Objects thrown onto the grounds from the spectator stands in three successive limited-overs internationals prompted the West Indies team to walk off the field after a plastic bottle hit fielder Vasbert Drakes.
International Cricket Council match referee Mike Proctor allowed the Windies to take their players off the field in Rajkot, although he later awarded the match to India under a formula for shortened games.
"The West Indies over reacted to what's an occupational hazard for players all over the world," said Shah, chief of the organising body at Rajkot.
"With a minor incident being blown out of proportion, cricket will play into the hands of trouble-mongers, who have realised that they just need to hurl one bottle into the playing arena to sabotage a match," he said.
Shah said it could create an international precedent.
"If a stray bottle thrown at a player can lead to the game being aborted, it can now happen anywhere in the world," Shah said. Crowds sensing their team was in a losing position could spark trouble to void the result.
"There was just one mischief monger out to create some trouble and the West Indies helped him by making a mountain out of a molehill," Shah said.
West Indies team manager Ricky Skerrit contested Shah's view, saying what's been happening during the series were not minor incidents.
"Ramnaresh Sarwan was hit by a stone on the back during the second one-dayer in Nagpur and then Drakes got hit by a water bottle filled with water and dirt ... You call these minor incidents," Skerrit said.

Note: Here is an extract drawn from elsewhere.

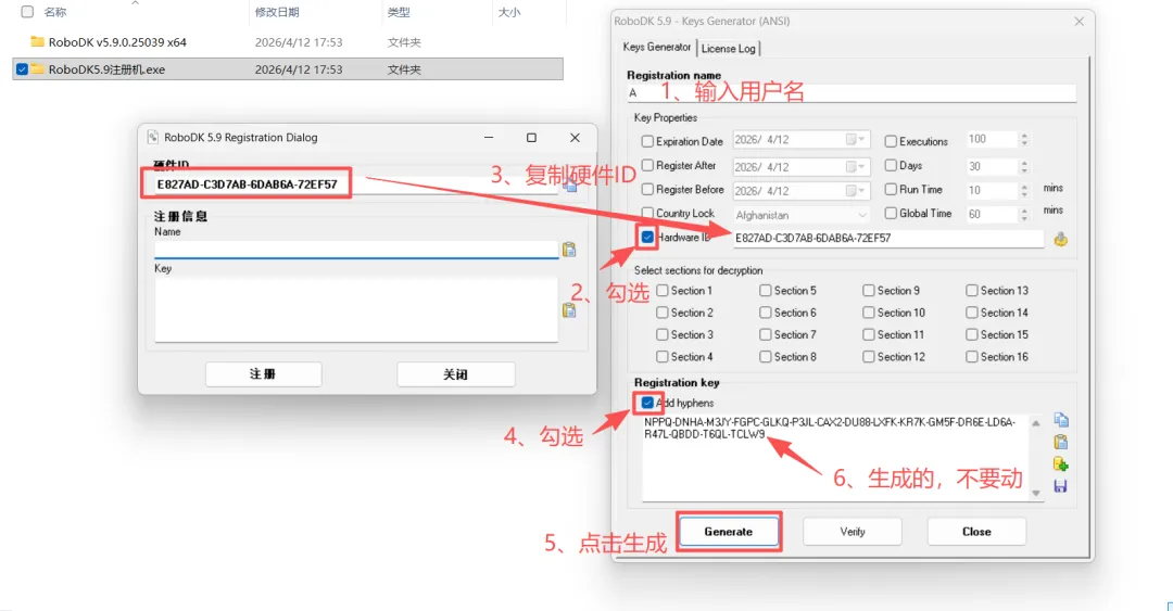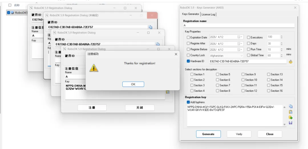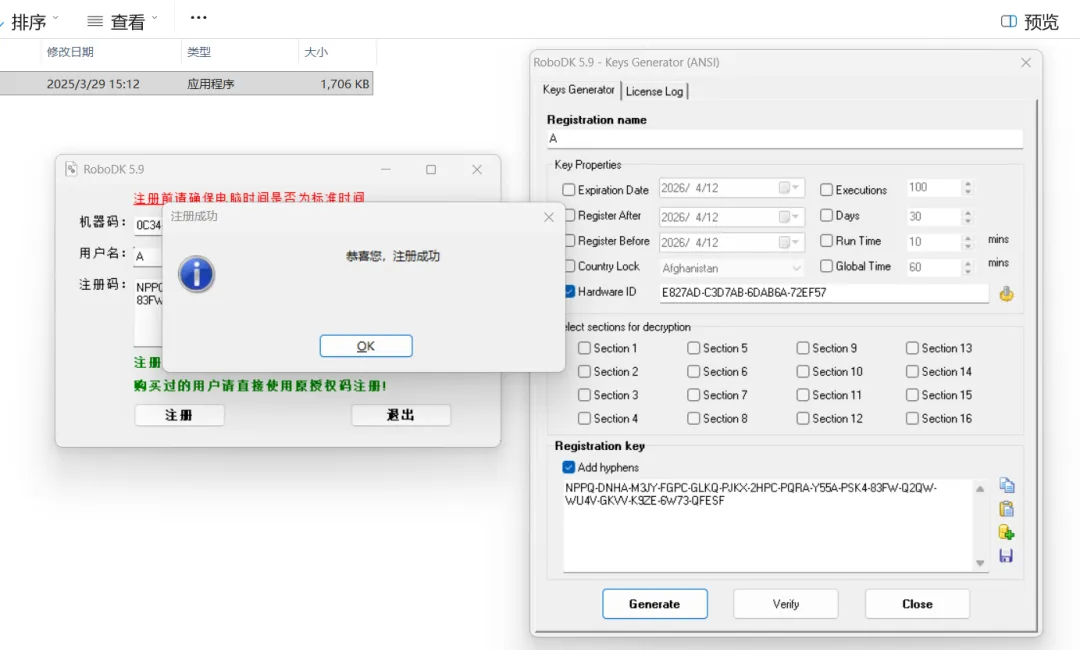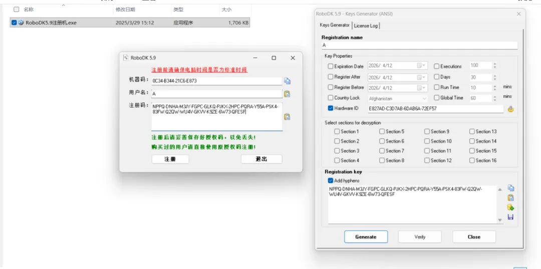 •打开文件夹中的 `RoboDK5.9注册机.exe`。

"We prefer a cricket decision to take place on the field and have focused on cricket even when objects were thrown at our players," he said. "But in this case our players had genuine cause to believe they faced bodily harm."
Shah said he did not agree with the match referee and the West Indies team taking 'an accumulated view of three matches.'
"What happened in the other two venues of the current series cannot be related to Rajkot," he said.
But Skerrit said the West Indies didn't have 'preconceived notions about security.'
"We go into every match thinking security is not a problem, until the situation erupts otherwise," said Skerrit.
Former Indian captain Ravi Shastri, who was present as a television commentator at the disrupted match, said the incident was overplayed and the water bottle 'was not dangerous.'
"There was no further threat to compel play being called off. I suspect that the experience of the previous two games would have weighed on the mind of the match referee," Shastri said in his newspaper column.
"Crowd trouble is becoming endemic in India. Unless the authorities move in swiftly, there is only going to be more trouble in future," he said.